2031 : une crise économique de grande ampleur a forcé le gouvernement des États-Unis à se relocaliser sur Mars. À présent, les grandes métropoles américaines, dont Chicago, se réorganisent autour de centres commerciaux géants où l'on abreuvent les habitants de programmes racoleurs aux messages subliminaux ultra-violents. Dans ce contexte délétère, l'arrivée dans les forces de police des Plexus Rangers de Reuben Flagg, ancienne star de télé-réalité, va mener la ville à la révolte et peut-être... à une seconde révolution.
Un créateur oublié
On ne lit plus trop en France Howard Chaykin, dessinateur américain qui a au final peu travaillé chez DC et surtout chez Marvel (ceci explique peut-être cela). Il a tout de même commencé au début des années 70, signant un premier roman de Killraven en compagnie du récemment disparu Neal Adams et a signé une adaptation du cycle des épées de Fritz Leiber. Son grand fait d’arme de la décennie est d’avoir signé l’adaptation en bande dessiné de Star Wars. American Flagg ! paraît en 1983 chez First Comics et va marquer son époque comme on va le voir. On le voit ensuite travailler sur The Shadow et Blackhawk chez DC ou sortir chez Marvel un Graphic Novel Wolverine/Nick Fury : Scorpio. Signalons aussi un graphic novel naviguant entre polar et érotique, Black Kiss.
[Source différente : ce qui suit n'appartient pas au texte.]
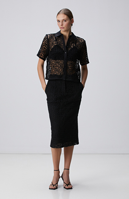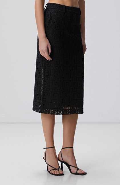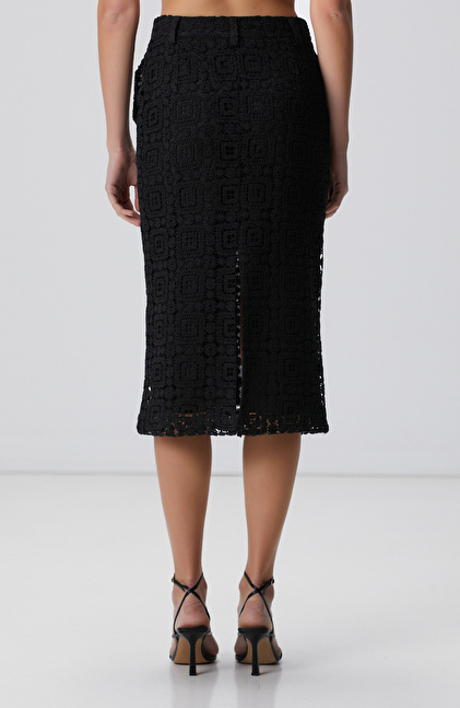 Siyah Midi Kroşe Kalem Etek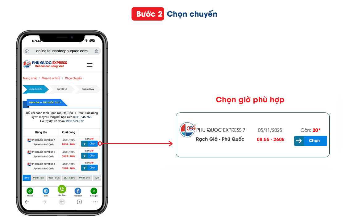 Bước tiếp theo của cách đặt vé tàu cao tốc Phú Quốc, hành khách lựa chọn tàu cao tốc yêu thích (Phú Quốc Express) và giờ khởi hành phù hợp với nhu cầu di chuyển bằng cách click “chọn” như trong hình ảnh.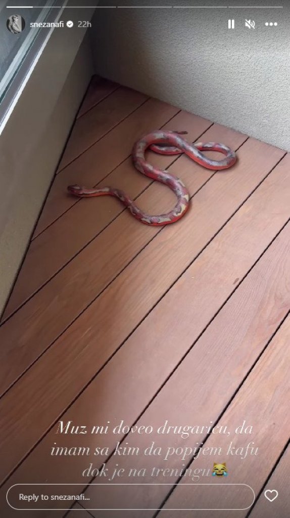 Na prvoj objavi Snežana se pohvalila da je Milan na treningu, ali da joj je ostavio društvu u stanu - neobičnog kućnog ljubimca u vidu zmije. Videla je Sneža Borjanovu zmiju, pa se pohvalila pratiocima uz poruku: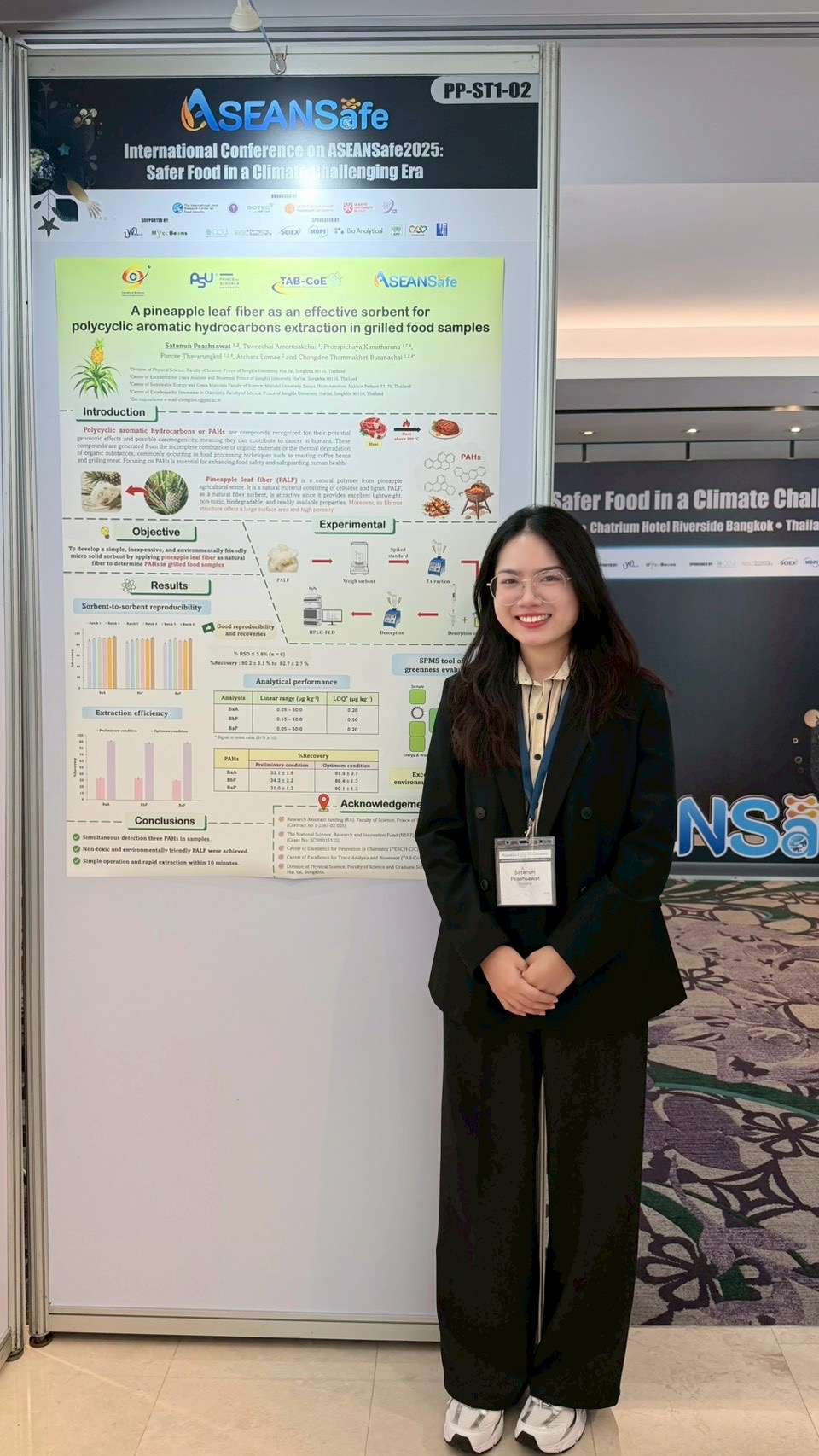 6.งานวิจัยเรื่อง “A pineapple leaf fiber as an effective sorbent for polycyclic aromatic hydrocarbons extraction in grilled food samples” นำเสนอโดย นางสาวศตนันท์ เพ็ชรสวัสดิ์

Il a aussi collaboré avec son ami Walt Simonson sur la série Hawk Girl, signé chez Marvel un Avengers : 1959 plutôt décevant… et c’est à peu près tout. On le regrette.
Une dystopie pleine d’ironie
Bienvenue en 2031 où le monde est soumis au Plex, organisation supranationale et capitaliste, née de la fusion entre les restes des États-Unis et de l’URSS ( !), basée sur Mars après la grande catastrophe de 1996 qui a vu la disparition de la Californie, la guerre atomique Israël/Iran et la destruction de l’Asie. On suit Reuben Flagg, un juif américain né sur Mars, héros d’un feuilleton à succès, Mark Thrust, dont il a été écarté. Flagg intègre le corps des Plexus Rangers et est affecté à Chicago. Plutôt bien de sa personne, Flagg couche avec pas mal de filles (y compris des nazies) souvent en bas résilles ou porte-jarretelles. Il découvre aussi une ville corrompue et une population maintenue sous la coupe du Plex. Il découvre aussi qu’un feuilleton, Bob Violence, est rempli d’images subliminales qui poussent à la violence. Alors il en empêche la diffusion, au grand dam de son chef, Hilton Krieger. Lorsque celui-ci décède, il lui lègue son chat, Raul, qui parle, et surtout sa chaîne pirate, QUSA. Flagg a pas mal de chantiers à ouvrir s’il veut que l’Amérique renaisse…
Du grand art
Les lignes ci-dessus ne sont qu’un aperçu des premiers numéros de la série. On est clairement devant une satire au vitriol de l’Amérique des années 80, celle de Reagan et des conservateurs américains. L’Amérique peinte ici est sinistre, livrée au capitalisme le plus extrême et en proie à une violence systémique. Signalons que la narration a souvent recours à des écrans télés en introduction, une technique plus tard récupérée par Frank Miller dans son Dark Knight Returns, qui mettent scène Reuben Flagg dans cette société largement déglinguée. Le découpage très dynamique et les couleurs de Leslie Zahler et Lynn Varley (future collaboratrice et femme de Miller) font de cet album un véritable bijou. On rit, on est aussi effrayé par la tournure prise par cet univers qui ressemble (un peu) au nôtre. Et puis il y a ces femmes en petite tenue, joliment dessinés et toujours prêtes à coucher avec Flagg. Notons qu’elles ne sont pas seulement des jouets érotiques mais aussi des personnages actifs de l’histoire. Lecteur, tu dois réparer l’injustice des temps et lire cet album. Howard Chaykin mérite sa place parmi les meilleurs créateurs de comics.